» **WHAT YOU WILL DO**
Return every line below as is, leaving out the pictures.
═════ PROVIDED MATERIAL
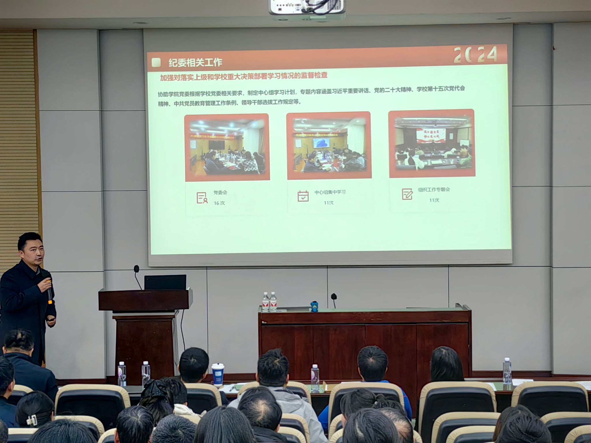 首先,学院科职干部对本年度的工作进行汇报,学院综合事务办公室主任、教师服务办公室主任、员工支持办公室主任、学工组副组长、专职组织员共6名科职干部对本年度的工作进行了总结和反思,并对新一年的工作计划和目标作出了展望。
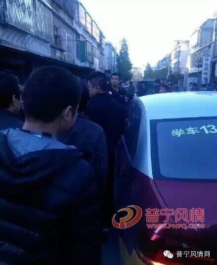 昨天下午3点多,普宁南溪钟堂村路段发生一宗驾校教练车严重肇事案件,肇事车辆撞飞7岁女童后逃逸,接着又撞伤帮忙追逃的路人,在逃至南溪镇政府前又撞伤一老汉及一小孩,最后经众人协力才将教练车逼停。报警2小时后交警才赶到现场,伤者已经送医院救治,图为群众强行拦截现场!强烈谴责肇事司机
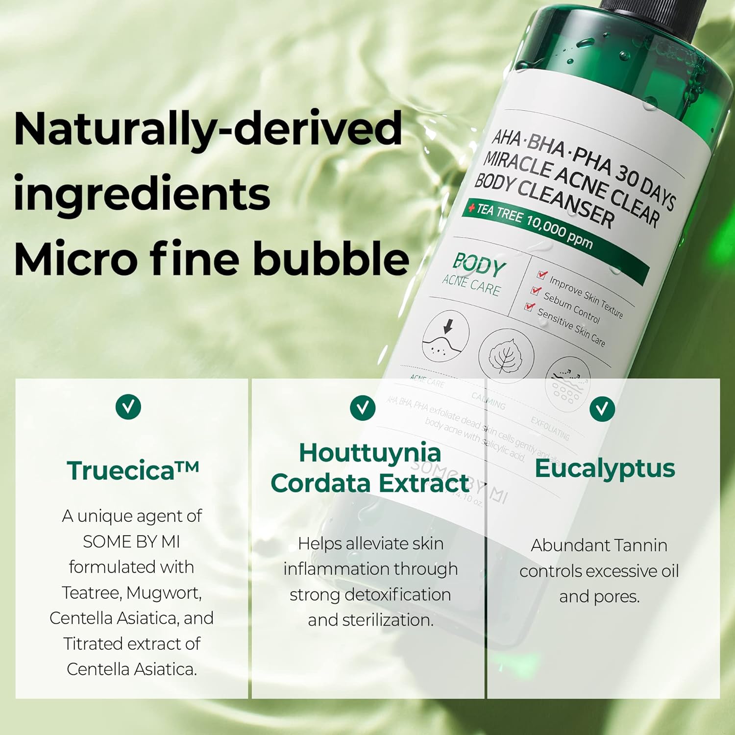 شوینده بدن سام بای می، یک شوینده ضد جوش بدن است و حاوی اسید های لایه بردارAHA، BHAو PHA بوده که سلول های مرده پوست را با ملایمت از بین میبرد.
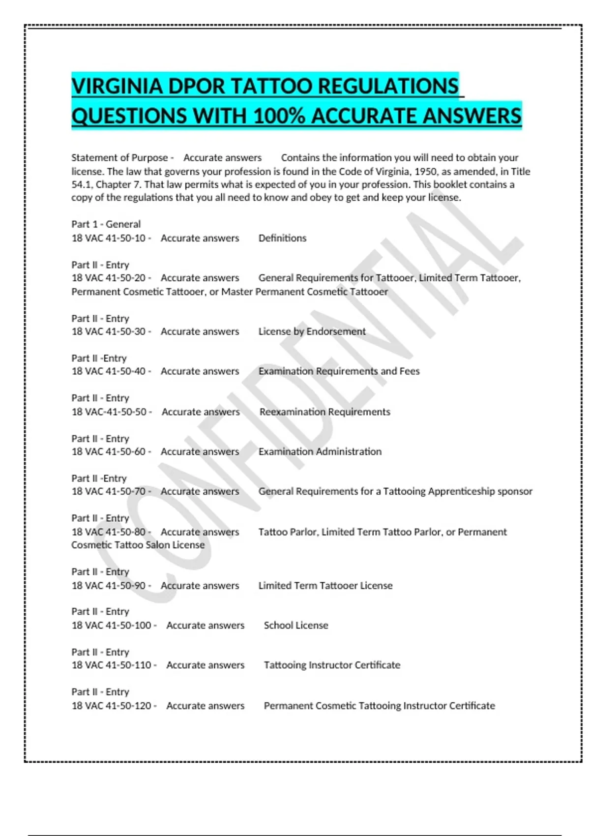 VIRGINIA DPOR TATTOO REGULATIONS QUESTIONS WITH 100% ACCURATE ANSWERS
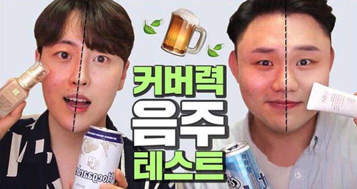 于是很多韩国博主开始上脸尝试,开启了画风独特的美妆视频——上好底妆后,先喝一杯~![]()
══════════
» **SOLUTION FOR THIS PROBLEM**
 首先,学院科职干部对本年度的工作进行汇报,学院综合事务办公室主任、教师服务办公室主任、员工支持办公室主任、学工组副组长、专职组织员共6名科职干部对本年度的工作进行了总结和反思,并对新一年的工作计划和目标作出了展望。
 昨天下午3点多,普宁南溪钟堂村路段发生一宗驾校教练车严重肇事案件,肇事车辆撞飞7岁女童后逃逸,接着又撞伤帮忙追逃的路人,在逃至南溪镇政府前又撞伤一老汉及一小孩,最后经众人协力才将教练车逼停。报警2小时后交警才赶到现场,伤者已经送医院救治,图为群众强行拦截现场!强烈谴责肇事司机
 شوینده بدن سام بای می، یک شوینده ضد جوش بدن است و حاوی اسید های لایه بردارAHA، BHAو PHA بوده که سلول های مرده پوست را با ملایمت از بین میبرد.
 VIRGINIA DPOR TATTOO REGULATIONS QUESTIONS WITH 100% ACCURATE ANSWERS
 于是很多韩国博主开始上脸尝试,开启了画风独特的美妆视频——上好底妆后,先喝一杯~![]()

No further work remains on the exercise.